Choose Government

"Born a citizen of a free state and a member of the sovereign, the right to vote is enough to impose upon me the duty to instruct myself in public affairs, however little influence my voice may have in them. Happy am I, for every time I meditate on governments, I always find new reasons in my inquiries for loving that of my country." J.J. Rousseau The study of Political Science presumes a commitment to certain values and standards, to wit:

  • Truth--the use of reason and evidence in the pursuit of what is verifiable about government and politics. Political Science stands or falls by the validity of its truth claims about what is and is not conducive to the well-being of the community, to justice, security, equality, prosperity, peace, and related public goods.
  • Reasonableness--being open to persuasion by argument and evidence. The proper attitude to the study of politics is summed up by John Adams, who said, "Facts are stubborn things; and whatever may be our wishes, our inclinations, or the dictates of our passions, they cannot alter the state of facts and evidence."
  • Criticism--analytically or empirically examining truth claims about politics, especially our own. We must be willing to subject our most cherished beliefs to skeptical scrutiny by those looking out for questionable premises, faulty reasoning, or unreliable evidence.
  • Freedom--liberty of thought and expression in all matters political. Professors and students must be able to inquire into the truth or falsity of propositions, free from ideological pressure from within or without the university.
  • Courage--thinking and speaking without fear. All who dare question what John Stuart Mill called the "received opinion" of the age must be brave in order to withstand the onslaught of criticism which their neo-heretical views are bound to provoke.
  • Eloquence--speaking and writing persuasively. This requires not only correct spelling, grammar, syntax and diction, flawless logic, and skillful marshaling of evidence, but also a gracious style of one's own.
  • Civility--the obligation to treat one another with courtesy and respect. There must be no shouting down of speakers, no burning or other destruction of printed words, no intimidation of those who think differently.
  • Integrity--conducting ourselves honorably, conspicuously refraining from lying or cheating about our work. There can be no phony excuses for failing to complete an assignment, no turning in another's work as one's own, no plagiarism.

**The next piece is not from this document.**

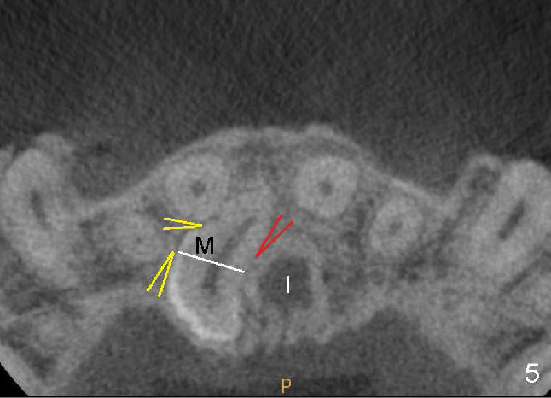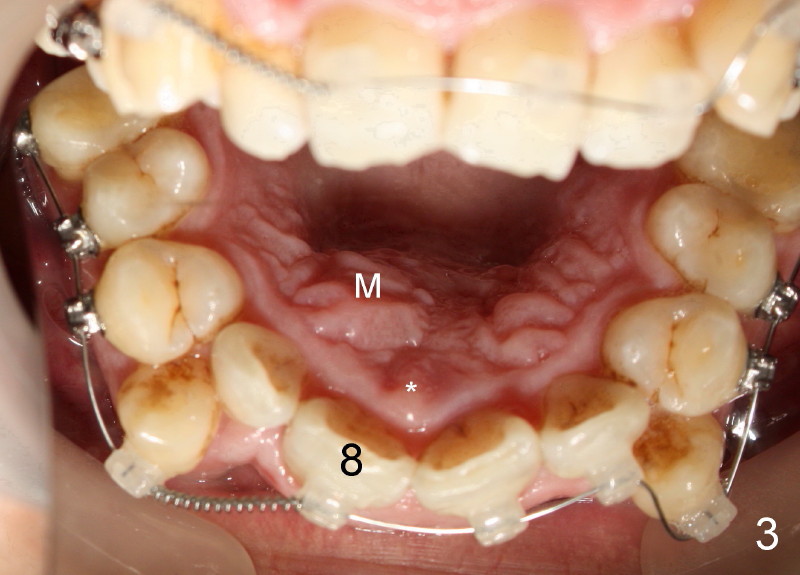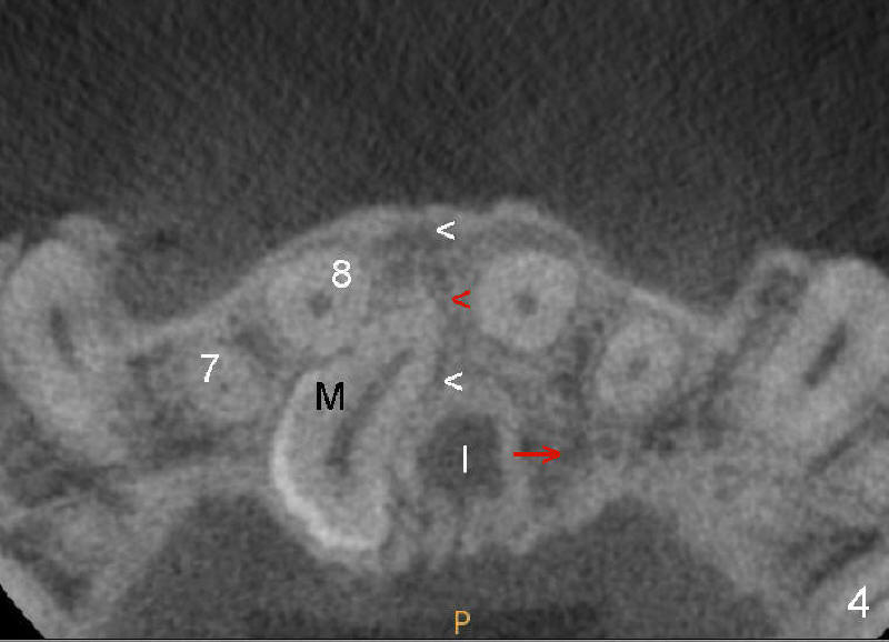 CBCT shows that the crown of the mesiodens is palatal (Fig.4: P). Second visual exam of the palate demonstrates an elevation (Fig.3: M) lateroposterior to the incisal papilla (*, a midline structure). It appears that CBCT is not so critical in deciding surgical approach for this case.

In honestly seeking greater understanding of the complex world of politics, our students acquire intellectual tools for discerning, managing, and solving problems they will encounter after graduation, as parents, employees, managers, entrepreneurs, or as members of a profession, including the law, journalism, and the military. Political Science is an excellent major for anyone seeking a liberal education, and especially for those aspiring to play a role in public affairs as a leader, commentator, or citizen.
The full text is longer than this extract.